Namun kelemahannya, sistematika penjelasan terkadang monoton. Sehingga jamaah merasa jenuh menyimaknya.

Kedua, Muballigh dengan beragam pandangan dan pendekatan sangat akademik. Tipe ini mewakili unsur yang cenderung kurang mapan pada basic keislaman, namun matang dalam persoalan metodologi dan kajian interdisipliner. Boleh jadi mereka bukan berasal dari basis dunia pesantren, namun obsesi yang kuat mengantar mereka menjadi bagian tak terpisahkan dengan masa depan agama Islam.

Sisi kelebihan tipologi ini, tampak pada beragam pendekatan yang digunakan. Amat terasa betapa ajaran Islam sangat selaras dengan konteks kekinian, menghubungkan lintas pemikiran timur dan barat, dan senantiasa mampu menjawab setiap persoalan umat manusia sepanjang zaman.

Sayangnya, tipologi ini acapkali mengantar pada pemahaman keagamaan menggantung, disebabkan oleh penggunaan kosa kata hiperbolik-metaforis, dengan durasi serba terburu-buru. Hasilnya, tak satupun blue print dari hasil ceramah yang disajikan.

Ketiga, Muballigh yang memiliki basic keislaman standar, serta analisa yang kurang mendalam terhadap setiap persoalan keumatan, namun memiliki kecakapan retorika yang mumpuni.

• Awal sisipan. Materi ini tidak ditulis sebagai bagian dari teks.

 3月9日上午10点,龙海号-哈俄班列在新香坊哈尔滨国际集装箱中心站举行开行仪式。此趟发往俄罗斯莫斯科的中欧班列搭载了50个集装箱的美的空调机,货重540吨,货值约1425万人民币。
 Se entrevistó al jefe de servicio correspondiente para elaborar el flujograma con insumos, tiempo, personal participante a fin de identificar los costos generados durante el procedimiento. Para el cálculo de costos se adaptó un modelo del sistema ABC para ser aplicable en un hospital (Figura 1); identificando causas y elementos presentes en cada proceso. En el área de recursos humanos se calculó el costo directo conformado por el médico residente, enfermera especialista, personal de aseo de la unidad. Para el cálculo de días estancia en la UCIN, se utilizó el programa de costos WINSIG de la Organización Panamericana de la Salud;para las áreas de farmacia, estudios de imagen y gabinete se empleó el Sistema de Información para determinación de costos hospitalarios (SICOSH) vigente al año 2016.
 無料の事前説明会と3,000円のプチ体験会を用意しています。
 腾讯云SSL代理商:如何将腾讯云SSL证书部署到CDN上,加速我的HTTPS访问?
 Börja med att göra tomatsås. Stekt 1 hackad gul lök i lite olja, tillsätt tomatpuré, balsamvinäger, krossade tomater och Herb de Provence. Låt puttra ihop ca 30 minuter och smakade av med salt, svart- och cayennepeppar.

Indeks al-Qur’an-Hadis, pendapat singkat para ulama dan cendekiawan, menjadi referensi subjektif dakwah yang disampaikan. Dan media massa (berita dan infotaiment) dikonsumsi tanpa pendalaman analitik, sebagai referensi objektifnya. Selebihnya, tradisi mengkaji setiap persoalan secara mendalam tak terlihat jelas dalam aktivitas mereka.
Tipologi ketiga ini juga tidak memiliki beban sakralitas dakwah,sebagaimana model para Kiai. Serta tidak terbebani dengan wacana keislaman kontemporer.

Di saat para Kiai tampil dengan aura kekhusyu’an dan daya magic-kharismatiknya, mereka justeru tampil dengan aksesoris yang berdasar pada selera pasar. Di saat para akademisi tampil dengan kosa kata yang kurang populis, mereka justeru tampil dengan gaya kocak dan lucu, sekalipun tidak relevan dengan konten dakwah yang disampaikan.

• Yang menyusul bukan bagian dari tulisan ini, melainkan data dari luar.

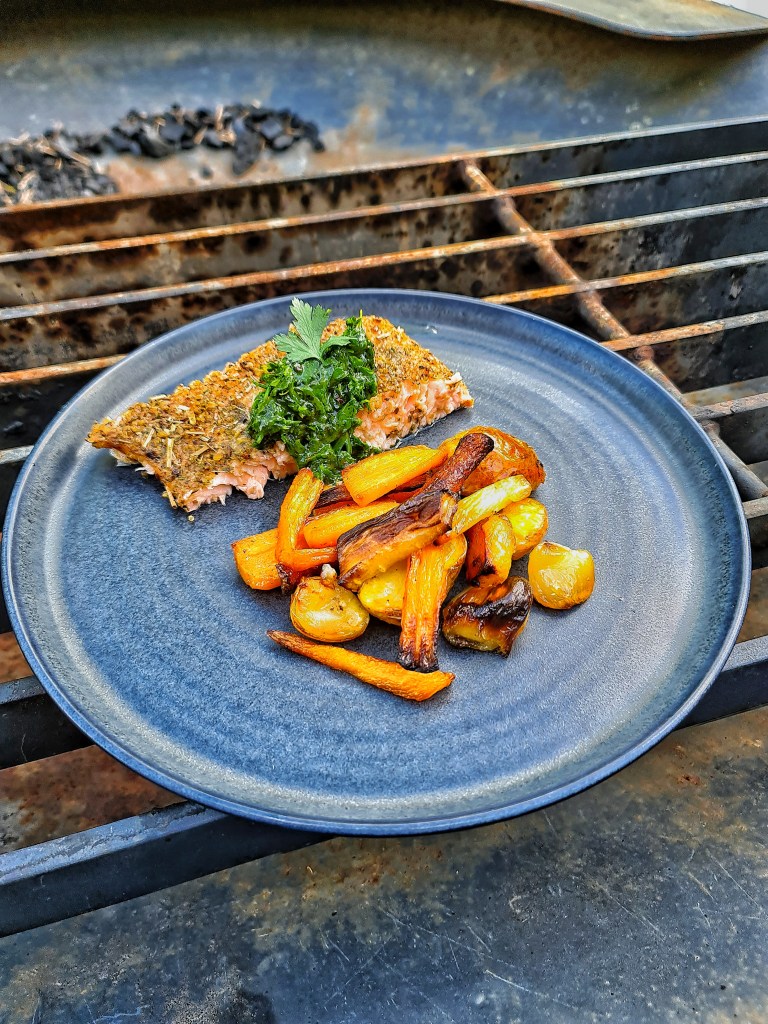Varmrökt lax med ugnsrostad potatis, vitlöksklyftor, fänkål, palsternacka och morot. En chimichurri-aktig röra med bladpersilja, basilika, chiliflakes, chilihonung från Simonsens Farm, olivolja och lite vitvinsvinäger.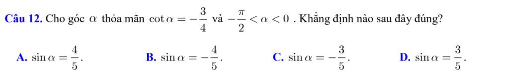 Câu 12. Cho góc α thỏa mãn `cotα = -3/4 `và `-π/2<α< 0` . Khẳng định nào sau đây đúng?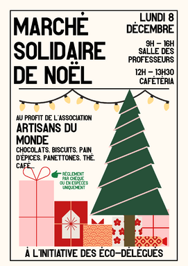 Par LAURENCE FAUDIN, publié le mardi 2 décembre 2025 10:58 - Mis à jour le mardi 2 décembre 2025 10:58L'association Artisans du Monde tiendra un marché solidaire lundi 8 décembre en partenariat avec les éco-délégués. Tous les bénéfices de la vente iront au profit de l'association. On compte sur votre générosité ! -
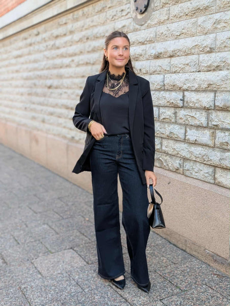 En helt magisk top ifrån JDY. Med en helt magisk spets upptill ger det toppen mycket elegans. Style till flera olika tillfällen. Normal i storlek. Julia bär storlek S.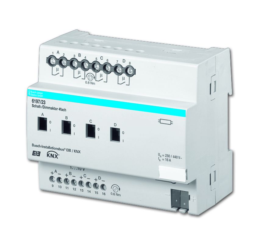 Schalt-/Dimmaktor, Busch-Installationsbus KNX, REG-Schalt-/Dimmaktoren, Schalt-/Dimmaktor 4-fach 4-fach Schalt-/Dimmaktor zum Dimmen von 4 EVG-Gruppen mit 1-10 V Schnittstelle Der Busanschluss erfolgt Ÿber die beiliegende Busklemme. Bedienelemente: Manuelle Bet_tigungsm_glichkeit fŸr EIN/AUS Ÿber Schiebeschalter Anzeigeelemente: Statusanzeige der Ausg_nge Ÿber Position der Schiebeschalter AnschlŸsse: KNX-Linie: Busanschlussklemme Nennspannung: , +10 % / -15 % Nennfrequenz: 50 Hz/60 Hz Ausg_nge: 4x Schlie§er, potenzialfrei Lastart: AC1 Nennstrom: 10 A, bei cos ? 1 Ausgangsspannung: 230 V~ Lastart: AC3 Nennstrom: 8 A, bei cos ? 0,65 Ausgangsspannung: 230 V~ Steuer-/Signalausg_nge: 4, 0-10 V (passiv) Nennstrom: 100 mA Schutzart Ger_t: IP 20 Temperaturbereich Ger_t: -5 ¡C bis 45 ¡C Ma§e (H x B x T): 90 mm x 108 mm x 64 mm Einbautiefe: 68 mm Teilungseinheit: 6 TE

Di pundak merekalah, istilah Muballigh pop disematkan. Di pundak mereka pula, pameo “Ustaz juga manusia” (baca: harap dimaklumi) terlahir. Bila para Ulama dirindukan Jamaah, maka Muballigh pop dirindukan oleh Fans-nya.

Ajaibnya, dengan modal pop itu, Muballigh dengan tipologi ketiga ini ternyata lebih eksis menembus setiap sudut kota, memberi seruan agama kepada level masyarakat yang secara ekonomi terbilang menengah ke bawah.

Pada merekalah, sejumlah problem keagamaan umat manusia ditangani secara instan, walaupun tak jarang menimbulkan masalah baru.

Di sini, kita menemukan adanya sajian dakwah yang lebih didominasi aspek lelucon plus penggunaan istilah yang kurang etis, dari pada subtansi dakwah yang disampaikan. Para jamaah akhirnya pulang ke rumah hanya berbekal cerita-cerita lucu dari para Muballigh, tanpa ada bekas yang menyentuh ruang batin.

Bila pola dakwah menjadikan “semangat parodi” sebagai subtansi, tentu merupakan mimpi buruk bagi masa depan umat Islam, sekaligus borok yang harus ditanggung oleh seluruh Muballigh.

Saat ini, kita butuh sosok Muballigh alternatif dengan karakter yang melampaui ketiga tipologi di atas. Karakter alternatif yang dimaksud adalah hadirnya sosok Muballigh yang mapan pada basic keislaman, mampu berbicara dalam perspektif interdisipliner, serta lihai memainkan retorika atas nama selera pasar. Juga mampu membidik setiap keresahan jiwa umat manusia, serta tetap kokoh berdiri tegak di tengah kegamangan spiritual.

Dialah muballigh yang senyumnya adalah anugerah, diamnya sebagai teguran dan seruannya sebagai rebutan.
Pada diri Sang Muballigh alternatif, kewaspadaan akan gagalnya dakwah bakal terjawab, dengan ragam untaian kata penuh hikmah, membasahi seluruh padang sahara nurani yang kerontang. Sang Muballigh alternatif, kepadanya kita sematkan harapan untuk mengantar kita menuju karakter bangsa yang Muttaqin.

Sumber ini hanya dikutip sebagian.